Canada aims to spread out international students across country

As Trudeau concludes sweeping immigration review, minister sees value in greater geographic division of visa approvals

June 16, 2023
Group of pilots fly over Toronto to illustrate Canada wants foreign students to access all areas across the country
Source: Getty images

The Trudeau administration is preparing an overhaul of visa policies that aims, among other objectives, to more strategically distribute international students around Canada.

The administration said it was taking the step to help both the communities across the country that appear to be overwhelmed by international student arrivals, and those areas that might not be getting enough.

The federal government hopes to do a better job of “ensuring the benefits of immigration are spread to all regions of the country”, said a spokesman for Immigration, Refugees and Citizenship Canada (IRCC).

Canada has long been one of the world’s top destinations for overseas students. In a country of about 38 million people, the IRCC has seen study permit applications from abroad more than double since 2017, from 313,000 requests to record levels of nearly 550,000 applicants in 2021 and 715,000 last year.

Yet with the benefits – including the heavy subsidisation of Canada’s higher education system by international students paying several times the tuition rates of their domestic classmates – have come some challenges in areas that include regional housing shortfalls, cases of visa fraud, and more general political anxieties tied to race and culture, economic competitiveness and national security.

Canadian officials have reported several instances in recent months where they blocked post-secondary institutions from hosting international students, typically from India, because the institutions had unusually large numbers of people with student visas not attending classes, going straight into jobs or immediately applying for asylum.

The federal immigration minister, Sean Fraser, responded to that situation by announcing that the government would allow all visa holders associated with those institutions to remain in Canada while their cases are examined on an individual basis, to learn who might have been willing participants in any kind of fraudulent visa application efforts.

More generally, however, Mr Fraser has argued that immigrants can actually help to address problems such as housing shortages, by bringing the skills and labour necessary to help Canadian industries, including construction.

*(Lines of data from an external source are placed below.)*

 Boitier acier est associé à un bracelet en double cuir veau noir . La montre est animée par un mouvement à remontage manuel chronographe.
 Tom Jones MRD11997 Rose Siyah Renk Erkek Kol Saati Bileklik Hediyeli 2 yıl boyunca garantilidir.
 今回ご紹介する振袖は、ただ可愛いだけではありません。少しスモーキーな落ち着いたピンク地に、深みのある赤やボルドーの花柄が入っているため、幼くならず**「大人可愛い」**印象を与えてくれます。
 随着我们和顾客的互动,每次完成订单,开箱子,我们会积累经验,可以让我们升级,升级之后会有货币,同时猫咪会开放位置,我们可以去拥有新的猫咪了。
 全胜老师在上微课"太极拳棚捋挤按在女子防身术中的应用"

The nation’s main association for foreign student exchange, the Canadian Bureau for International Education (CBIE), has been urging the Trudeau government to lead a more strategic approach, but with a particular emphasis on student needs. Current planning agreements between the federal and provincial governments, the CBIE said in its formal contribution to the Trudeau policy reassessment, “make no reference to international students in Canada, how to plan for meeting their needs for housing, social, health and mental services, nor how they can help bridge talent gaps or meet provincial immigration targets”.

The Trudeau administration also has shown growing signs of concern about the possibility of foreign espionage aimed at Canada’s research universities. It has begun setting up a system through which people acting on behalf of foreign governments would have to register that affiliation.

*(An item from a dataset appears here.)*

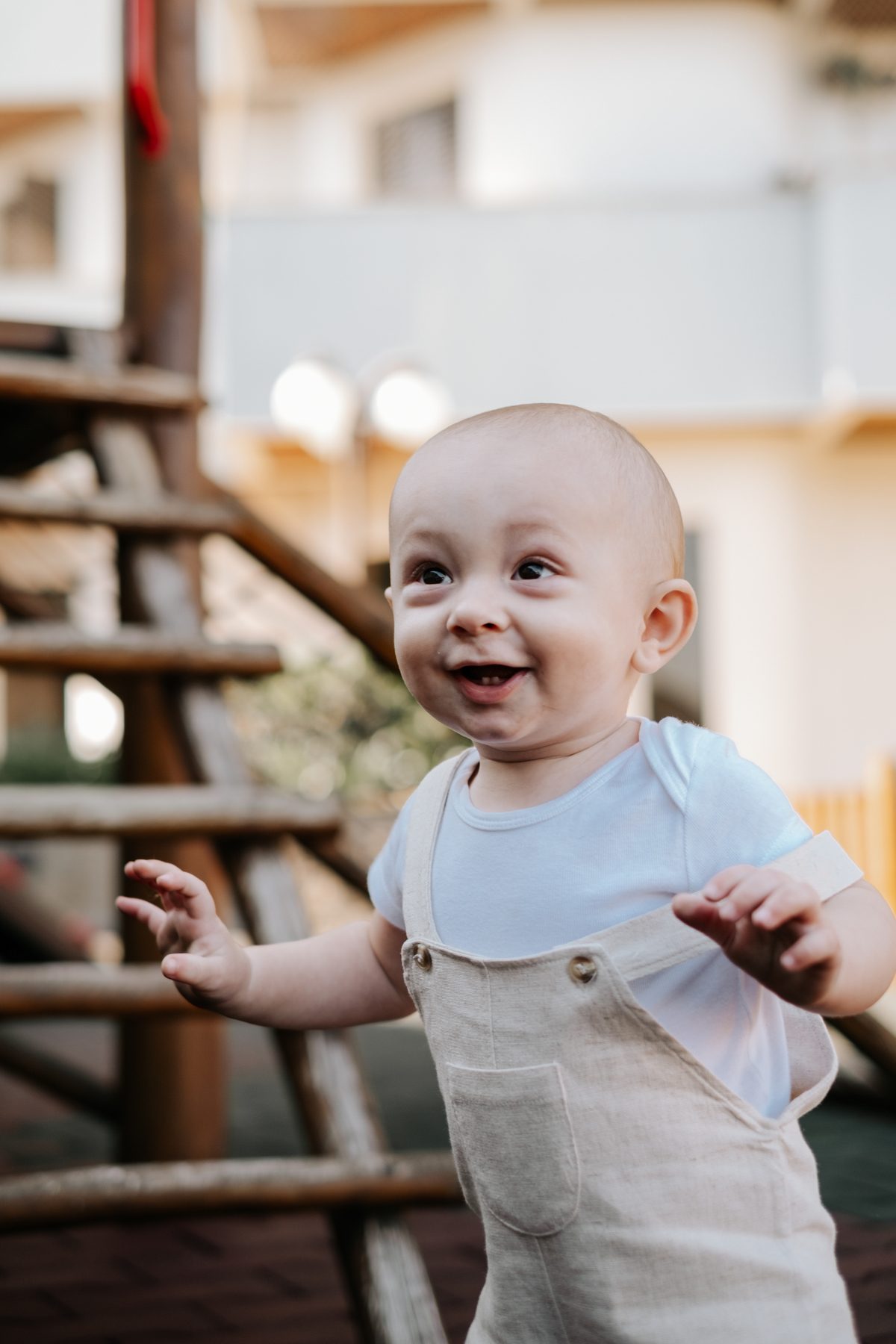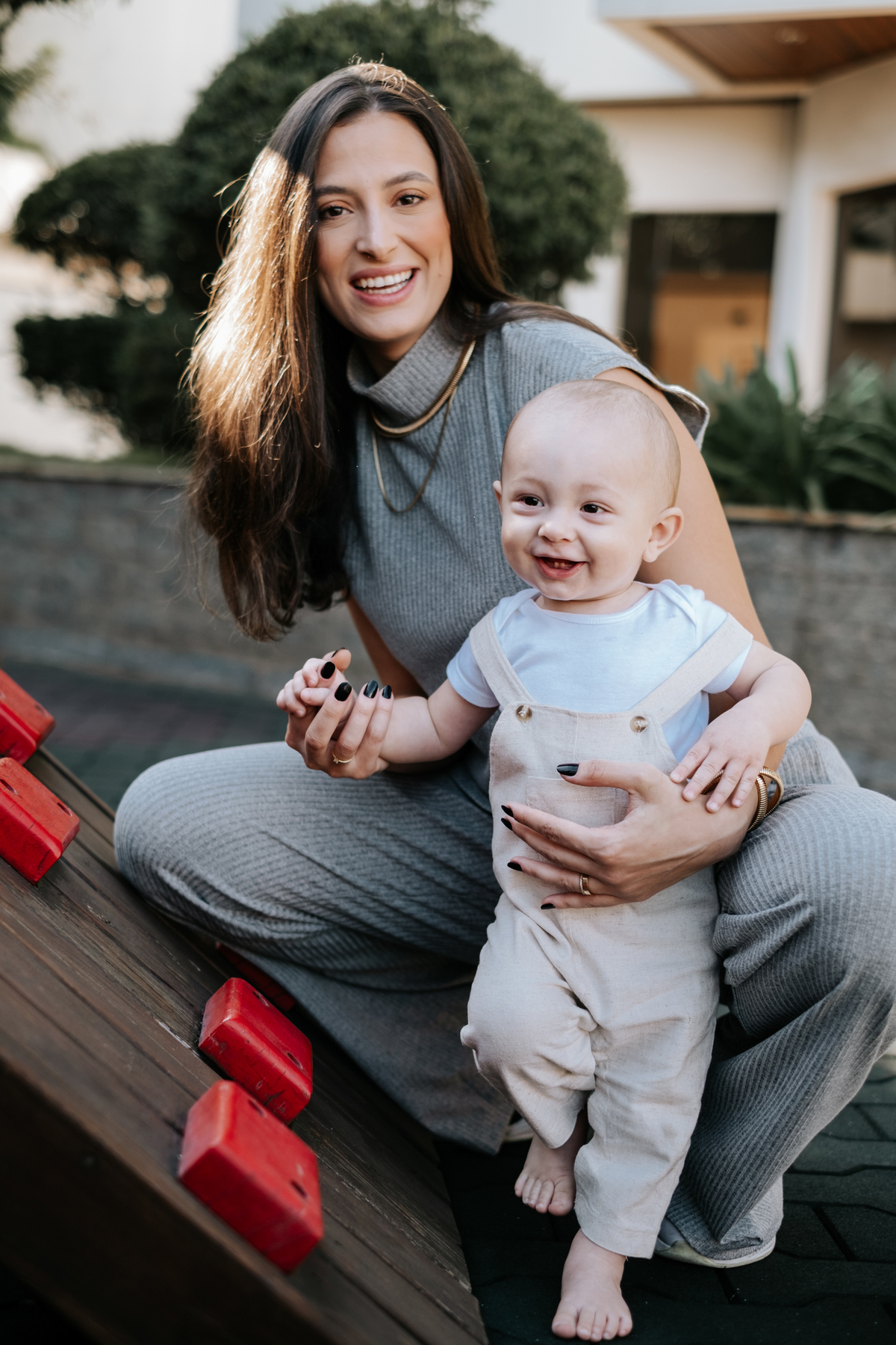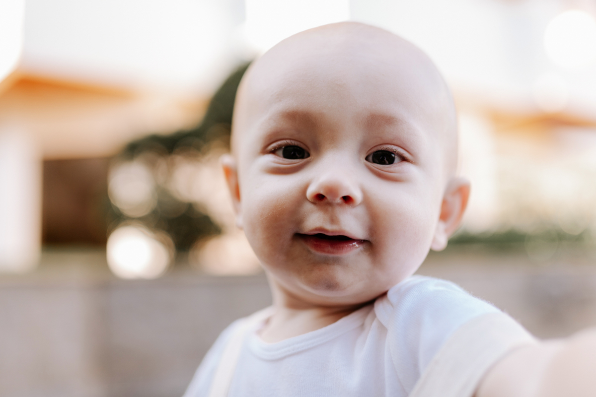 O Fillipo está descobrindo o mundo aos poucos, e esse acompanhamento do bebê aconteceu no próprio prédio da família, um espaço onde ele já se sente seguro e confortável.

That move has generated protests from the nation’s main faculty association, the Canadian Association of University Teachers (CAUT), which has argued that the system could silence legitimate political criticism. The terms, said CAUT’s executive director, David Robinson, could threaten repercussions for something as benign as an academic writing a newspaper editorial.

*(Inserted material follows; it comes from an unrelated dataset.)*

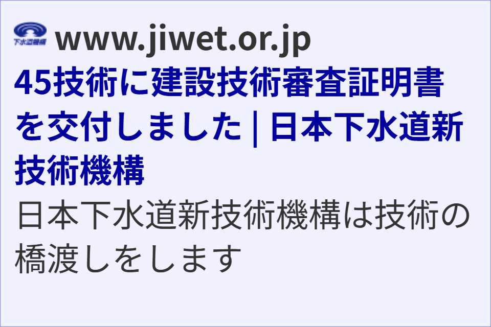 2026.03.19 45技術に建設技術審査証明書を交付しました | 日本下水道新技術機構

Mr Robinson also endorsed steps to restrain institutions that have taken too many students from abroad. Examples, he said, include Cape Breton University in Nova Scotia, which admitted so many students from abroad – nearly 4,000 last academic year, out of a total enrolment of just under 6,000 – that it began holding some classes in a movie theatre.

Too often, Mr Robinson said, international students in Canada “are treated as cash cows, often treated badly, and given little support”.